> _How to complete this task_
From the line holding "Antes de esta" through the line holding "El tablero cuadrado" below, write out every line exactly; include both of those lines and drop the pictures.

> _Entries supplied_
######

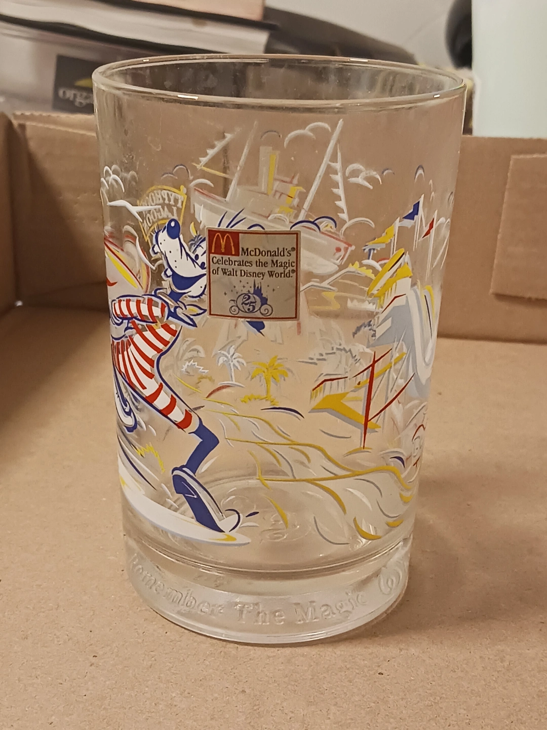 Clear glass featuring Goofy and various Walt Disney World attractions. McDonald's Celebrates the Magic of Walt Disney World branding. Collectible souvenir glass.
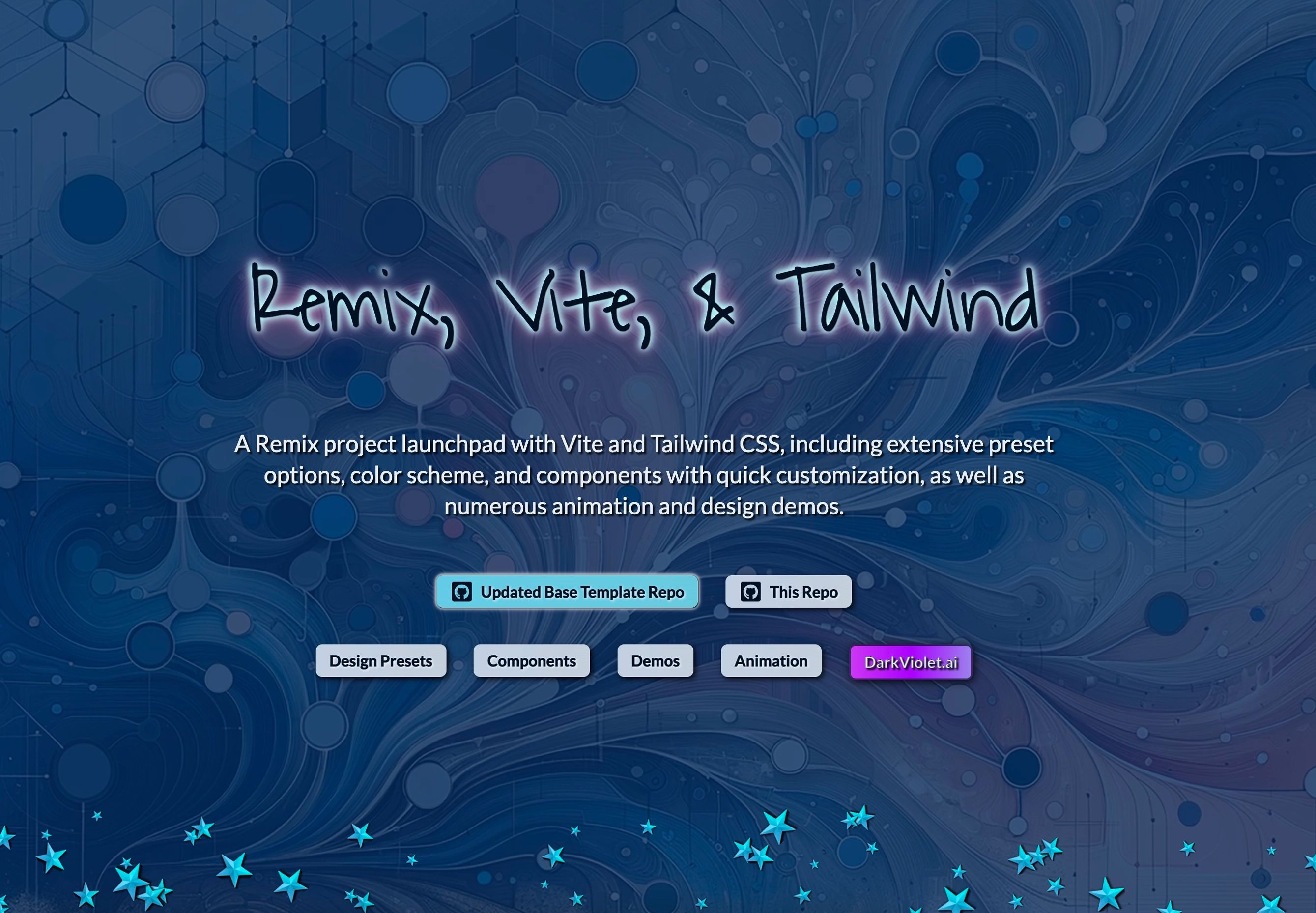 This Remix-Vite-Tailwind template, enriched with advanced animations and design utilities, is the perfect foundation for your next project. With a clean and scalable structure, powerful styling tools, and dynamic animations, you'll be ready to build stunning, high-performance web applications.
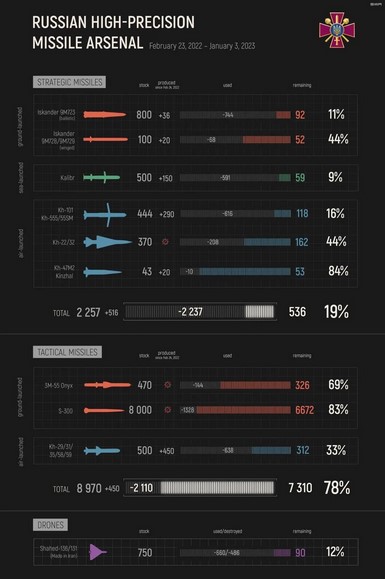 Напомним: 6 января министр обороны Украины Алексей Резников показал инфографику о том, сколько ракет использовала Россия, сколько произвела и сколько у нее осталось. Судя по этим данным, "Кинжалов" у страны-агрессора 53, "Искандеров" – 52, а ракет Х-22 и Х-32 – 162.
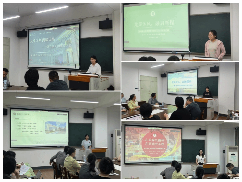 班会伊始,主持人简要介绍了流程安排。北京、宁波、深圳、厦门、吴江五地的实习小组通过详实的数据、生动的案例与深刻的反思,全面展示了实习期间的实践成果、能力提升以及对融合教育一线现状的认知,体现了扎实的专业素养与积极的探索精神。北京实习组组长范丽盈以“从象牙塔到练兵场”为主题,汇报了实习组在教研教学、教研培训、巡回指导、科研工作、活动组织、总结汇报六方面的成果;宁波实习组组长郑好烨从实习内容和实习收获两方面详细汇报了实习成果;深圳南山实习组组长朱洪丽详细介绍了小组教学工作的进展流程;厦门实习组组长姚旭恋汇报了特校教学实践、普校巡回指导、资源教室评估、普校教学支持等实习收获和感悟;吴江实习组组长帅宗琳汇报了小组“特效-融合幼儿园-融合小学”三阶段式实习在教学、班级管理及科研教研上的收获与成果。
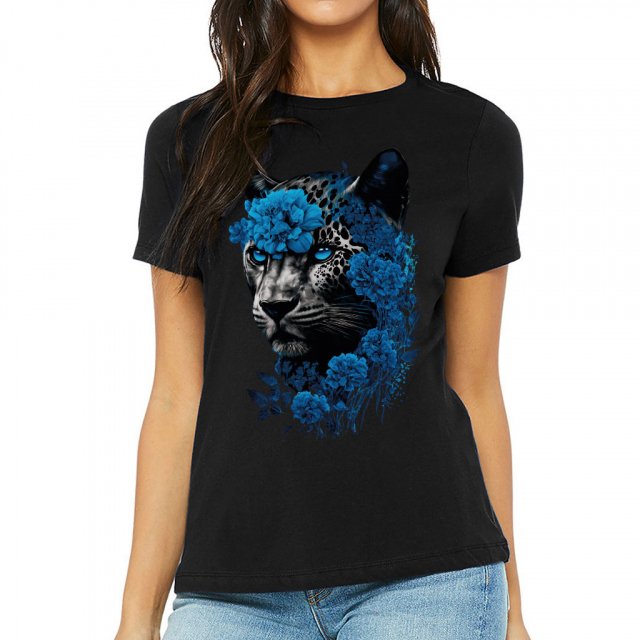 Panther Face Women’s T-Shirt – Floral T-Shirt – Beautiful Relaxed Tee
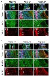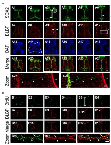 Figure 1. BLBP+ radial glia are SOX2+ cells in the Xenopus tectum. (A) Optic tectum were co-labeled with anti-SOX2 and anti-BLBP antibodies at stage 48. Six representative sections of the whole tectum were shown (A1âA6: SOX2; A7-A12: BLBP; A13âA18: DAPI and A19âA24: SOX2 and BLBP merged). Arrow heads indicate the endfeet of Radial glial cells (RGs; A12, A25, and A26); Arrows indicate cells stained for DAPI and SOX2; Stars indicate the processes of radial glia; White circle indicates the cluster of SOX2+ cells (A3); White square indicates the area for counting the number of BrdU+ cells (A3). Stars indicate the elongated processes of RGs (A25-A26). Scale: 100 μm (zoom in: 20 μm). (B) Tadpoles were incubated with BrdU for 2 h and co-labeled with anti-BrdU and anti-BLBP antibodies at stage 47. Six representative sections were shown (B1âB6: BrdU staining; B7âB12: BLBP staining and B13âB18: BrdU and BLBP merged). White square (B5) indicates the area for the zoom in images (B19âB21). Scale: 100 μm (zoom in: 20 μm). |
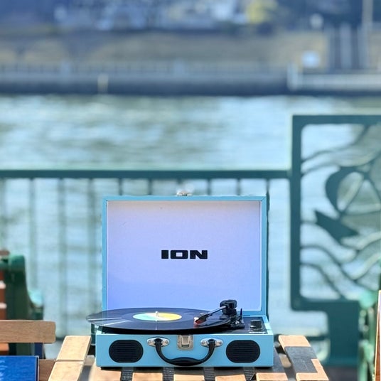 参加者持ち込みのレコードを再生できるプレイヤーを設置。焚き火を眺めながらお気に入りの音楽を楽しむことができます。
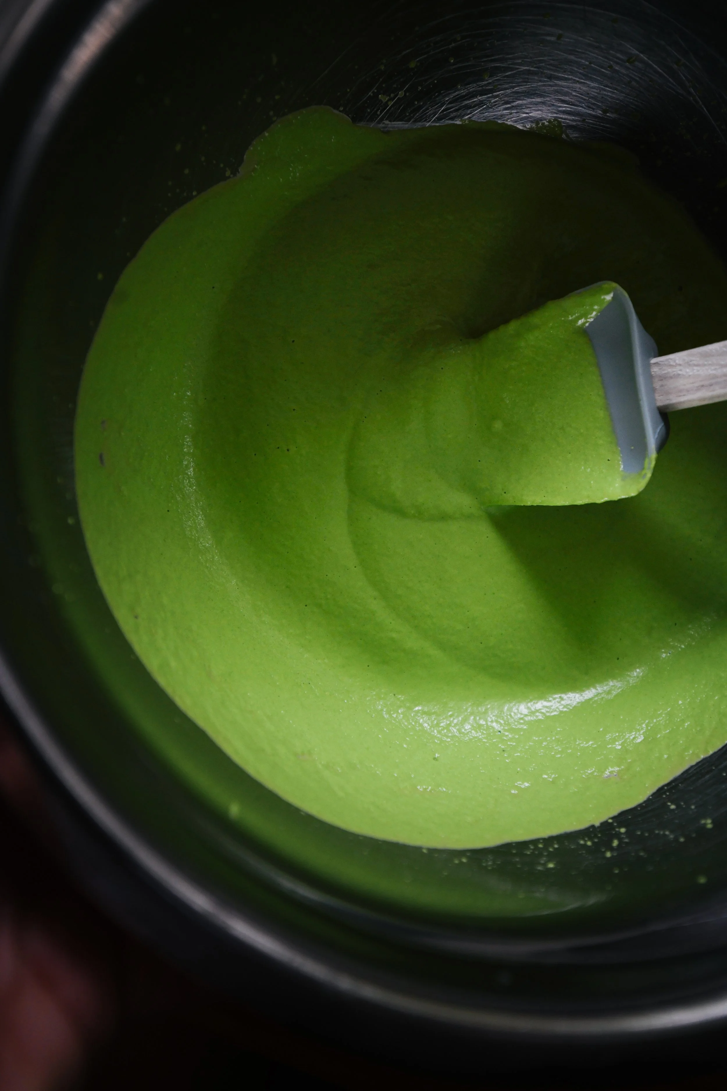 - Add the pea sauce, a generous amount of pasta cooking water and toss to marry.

######

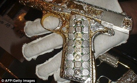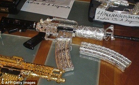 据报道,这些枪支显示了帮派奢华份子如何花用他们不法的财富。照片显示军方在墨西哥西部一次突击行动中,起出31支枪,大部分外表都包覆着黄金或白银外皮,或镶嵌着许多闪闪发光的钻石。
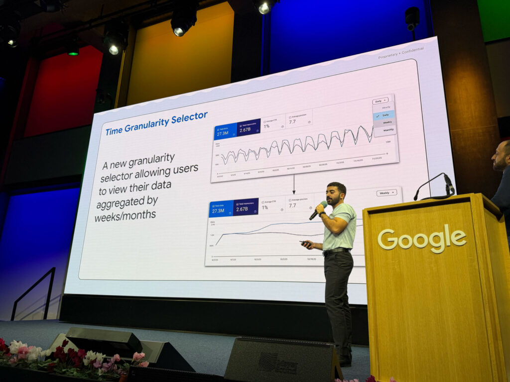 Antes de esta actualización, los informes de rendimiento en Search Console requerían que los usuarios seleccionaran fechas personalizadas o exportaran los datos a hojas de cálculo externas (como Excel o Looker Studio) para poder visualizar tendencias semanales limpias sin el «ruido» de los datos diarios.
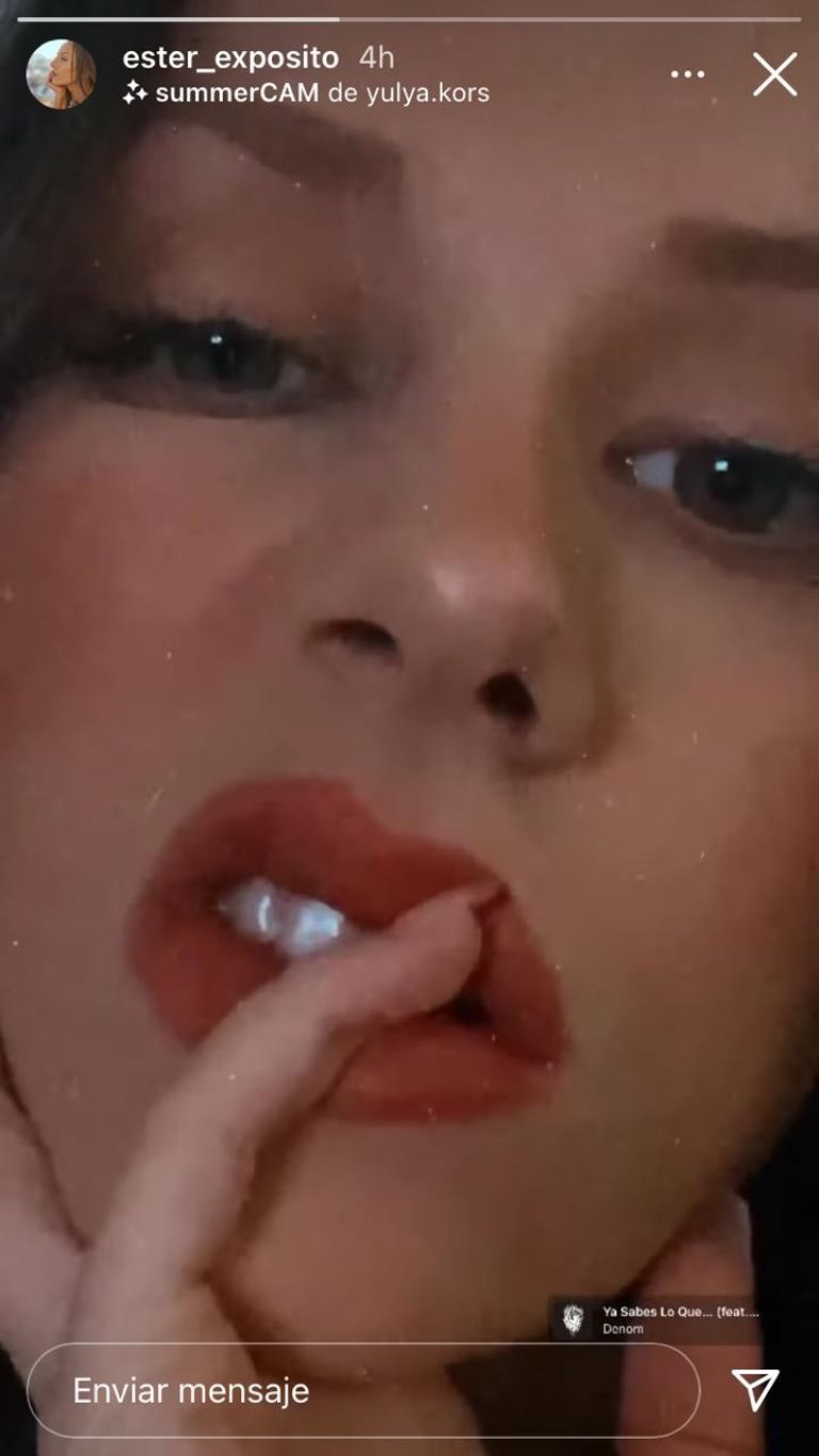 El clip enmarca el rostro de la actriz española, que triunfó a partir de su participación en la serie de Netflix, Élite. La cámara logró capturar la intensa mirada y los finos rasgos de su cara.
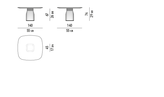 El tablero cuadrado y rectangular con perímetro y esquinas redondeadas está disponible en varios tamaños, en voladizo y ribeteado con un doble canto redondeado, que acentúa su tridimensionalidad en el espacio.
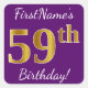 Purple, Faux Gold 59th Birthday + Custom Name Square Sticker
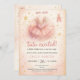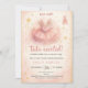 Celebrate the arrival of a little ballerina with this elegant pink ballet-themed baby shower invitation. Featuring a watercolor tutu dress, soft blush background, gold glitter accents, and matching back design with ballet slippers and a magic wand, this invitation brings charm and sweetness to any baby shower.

######

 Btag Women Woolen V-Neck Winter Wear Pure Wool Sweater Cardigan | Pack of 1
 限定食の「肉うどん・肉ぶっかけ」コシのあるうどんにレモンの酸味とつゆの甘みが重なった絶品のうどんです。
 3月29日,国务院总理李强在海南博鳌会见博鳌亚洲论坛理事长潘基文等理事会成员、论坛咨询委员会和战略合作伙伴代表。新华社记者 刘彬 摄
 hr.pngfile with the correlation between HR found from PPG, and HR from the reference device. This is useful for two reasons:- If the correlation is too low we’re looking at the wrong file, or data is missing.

######

> _Output for this task_
 Antes de esta actualización, los informes de rendimiento en Search Console requerían que los usuarios seleccionaran fechas personalizadas o exportaran los datos a hojas de cálculo externas (como Excel o Looker Studio) para poder visualizar tendencias semanales limpias sin el «ruido» de los datos diarios.
 El clip enmarca el rostro de la actriz española, que triunfó a partir de su participación en la serie de Netflix, Élite. La cámara logró capturar la intensa mirada y los finos rasgos de su cara.
 El tablero cuadrado y rectangular con perímetro y esquinas redondeadas está disponible en varios tamaños, en voladizo y ribeteado con un doble canto redondeado, que acentúa su tridimensionalidad en el espacio.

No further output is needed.